Getting Things Right - Part Three

THE END OF THE MASTER BUILDER
Checklists seem to provide a kind of cognitive net.  They catch mental flaws inherent in all of us – flaws of memory and attention and thoroughness.

There are three different kinds of problems in the world:
1.  Simple – ones like baking a cake from a mix.  There is a recipe.  Sometimes there are a few basic techniques to learn.  But once these are mastered, following the recipe brings a high likelihood of success.
2.  Complicated – ones like sending a rocket to the moon.  They can sometimes be broken down into a series of simple problems.  But there is no straightforward recipe.  Success frequently requires multiple people, often multiple teams, and specialized expertise.  Unanticipated difficulties are frequent.  Timing and coordination become serious concerns.
3. Complex – ones like raising a child.  Every child is unique.  Raising one child may provide experience but it does not guarantee success with the next child.  Indeed the next child may require an entirely different approach.

“Forcing Functions”- relatively straightforward solutions that force the necessary behavior – checklists.

When to follow one’s judgment and when to follow protocol is central to doing the job well (Doctor) – or to doing anything else that is hard.

Professionals (electricians, pile drivers, doctors, teachers) regard their jobs as specialized domains in which others should not interfere.

Project Executive.  The building industry does not call them field bosses anymore.

Construction schedule.  A line-by-line, day-by-day listing of every building task that needed to be accomplished, in what order, and when.  There was special color-coding, with red items highlighting critical steps that had to be done before other steps could proceed.

Since every building is a new creature with its own particularities, every building checklist is new too.  It is drawn up by a group of people representing each of the sixteen trades.

How are difficulties that could never have been predicted or addressed in a checklist designed in advance be dealt with?  The medical way of dealing with the inevitable nuances of an individual patient case is to leave them to the expert’s individual judgment.

Builders use a “submittal schedule”. – A checklist that specified communication tasks – who had to talk to whom by which date and about what aspect of construction.  Who had to share (or “submit”) particular kinds of information before the next steps could proceed.

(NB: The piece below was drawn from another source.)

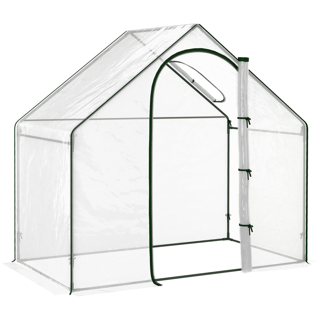 Create the perfect environment for your plants with this Compact Tunnel Greenhouse, designed for backyard use. Built with a heavy-duty steel frame, it provides reliable support and durability for long-term use. A 10 cm extended cover edge allows the plastic sheet to be buried in the ground for added stability. The clear plastic cover allows optimal sunlight to reach your plants while offering protection from wind and mild rain. A roll-up zippered front panel provides easy access and ventilation, and a rooftop vent promotes airflow to prevent overheating. Ideal for seedlings, young plants, or extending your growing season, this small greenhouse is perfect for hobby gardeners and plant lovers alike.
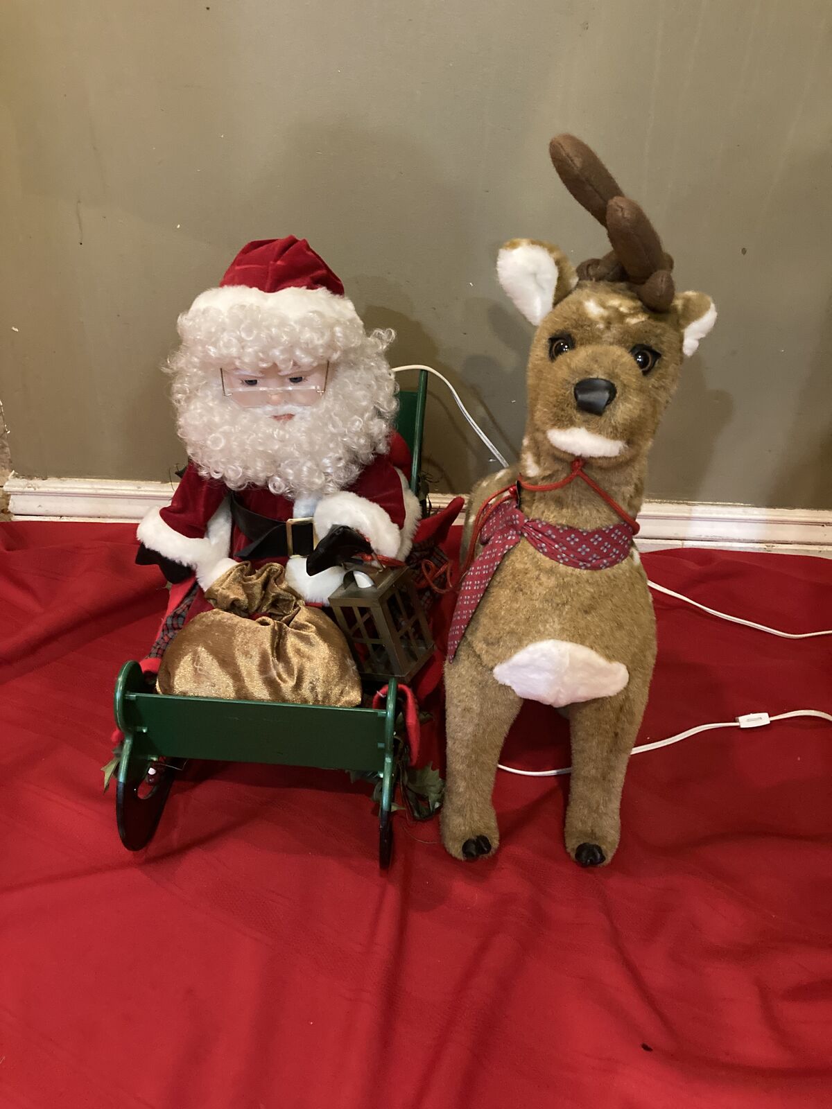 Hello I have a Vintage Santa's Best Animated Lighted Santa With Sleigh & Reindeer Good Condition Works Great Classy Unique Home Decor Great Deal for Collectors Comes With Original Box

Work is performed by experts.   But the assumption is not that everything would work perfectly – quite the opposite.  The assumption is that anything could go wrong, that anything could get missed.  Who knows what could go wrong?  That is the nature of complexity.  However, if you get the right people together and have them take a moment to talk things over as a team rather than as individuals, serious problems could be identified and averted.

Everyone meets and reviews the possibilities.  The owners and the contractors included.  Cleanup is arranged, the schedule is adjusted, and everyone signs off.

Man is fallible, but maybe men are less so.

Clash detective – software that ferrets out every instance in which the different specs conflict with one another or with building regulations.

ProjectCenter – software that allows anyone who has found a problem to email all the relevant parties, track progress, and make sure a check is added to the schedule.

The major advance in the science of construction over the last few decades has been the perfection of tracking and communication.

The builders of complex buildings know better than to rely on their individual abilities to get everything right.  They instead trust in one set of checklists to make sure that simple steps are not missed or skipped and in another set to make sure that everyone talks through and resolves all the hard and unexpected problems.